Case ID: cal-unrep_5/html/0532-01.html
Source: Caselaw Access Project
Author: {"author": "\n      PER CURIAM.", "license": "Public Domain", "url": "https://static.case.law/"}
Date Created: 2024-08-24T03:29:51.129683

HART et al. v. KIMBERLY et al.
    L. A. No. 280;
    October 29, 1896.
    46 Pac. 618.
    Appeal — Failure to File Transcript — Inexcusable Neglect.—> Subsequently to the taking of the appeal, one of the appellants/ being ill, requested her attorney to desist from further proceedings, but, after receiving notice of a motion to dismiss the appeal for failure to file the transcript within the required time, said appellant directed the attorney to proceed with the cause. No action was taken toward the preparation of a transcript prior to appellant’s first direction to her attorney, nor after the order to proceed with the appeal. Held, that the appeal would be dismissed.
    APPEAL from Superior Court, Santa Barbara County; W. B. Cope, Judge.

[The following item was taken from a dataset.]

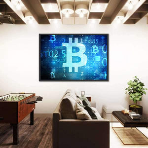 This canvas art features a prominent bitcoin symbol set against a digital backdrop of binary code. The modern, tech-inspired design in blue, black, and green adds a contemporary touch to any space.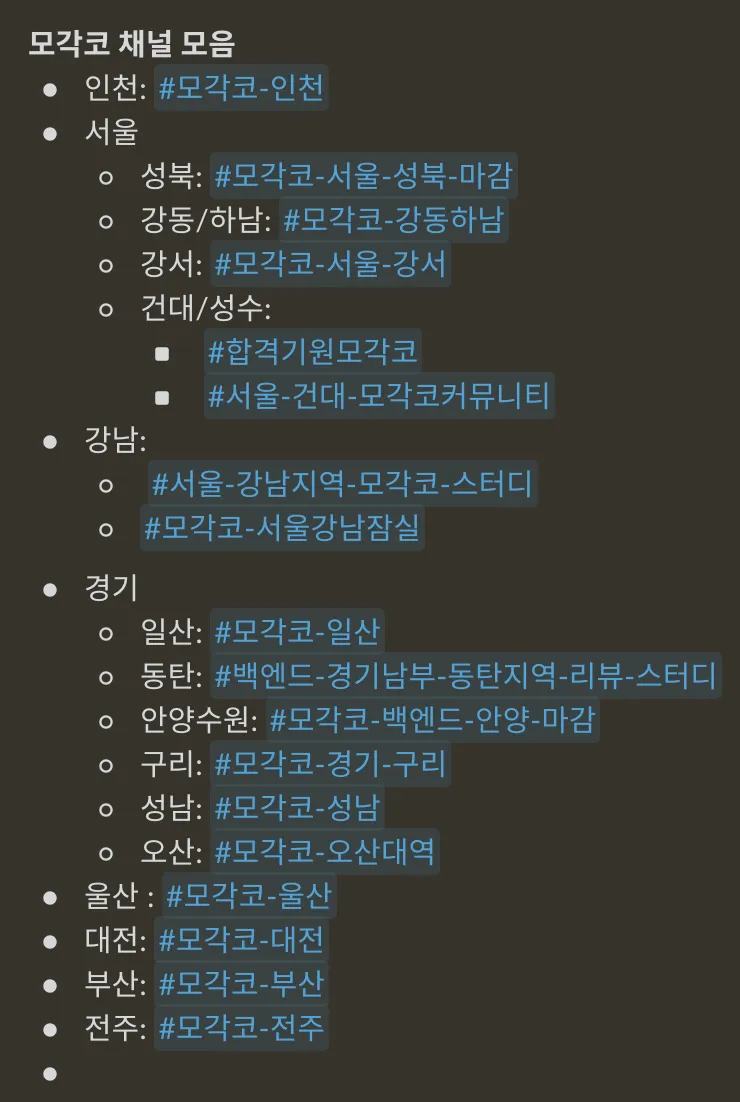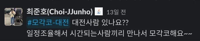 대전에 살고있는 나는 코수타가 끝나고 슬랙 채널에서 하나둘씩 생겨나는 지역별 모각코 모임을 보고 대전은 언제 생기지..? 하고 기다리고있었다. 하지만 나는 한가지 간과한 것이 있다.

    Action by Hart and others against Kimberly and others. An appeal was taken from the judgment, and appellees moved to dismiss the same for failure to file the transcript.
    Motion granted.
    B. F. Thomas for appellants; E. B. Hall and Richards & Carrier for respondents.
   PER CURIAM.

The appeal herein was taken May 26, 1896, and, no transcript on appeal having been filed in this court, the respondents, on August 27th, gave notice to the appellants of a motion to dismiss the appeal. At the hearing of the motion the appellants presented affidavits to the effect that one of the appellants had been ill, and that, while in this condition, had, on June 15th, instructed her attorney to desist from any further proceedings in the cause, and that thereupon he had abandoned all proceedings for filing the transcript; that in the latter part of August the appellant requested her attorney to proceed with said appeal. Upon these statements appellants ask to be relieved from their default, and that they be allowed twenty days within which to file a transcript on appeal. The motion must be denied. No action toward the preparation of the transcript appears to have been taken prior to the direction to the attorney not to proceed with the appeal, or since the subsequent direction to proceed therewith; nor is it shown that this latter direction was given until after receiving the notice to dismiss the appeal. While the illness of the appellant, as shown by the affidavits, might have been urged as ground for an order extending the time within which to file the transcript if such extension had been asked within the forty days, it is not a sufficient reason for relieving her from default when the application therefor is made after the default. The motion to dismiss the appeal is granted.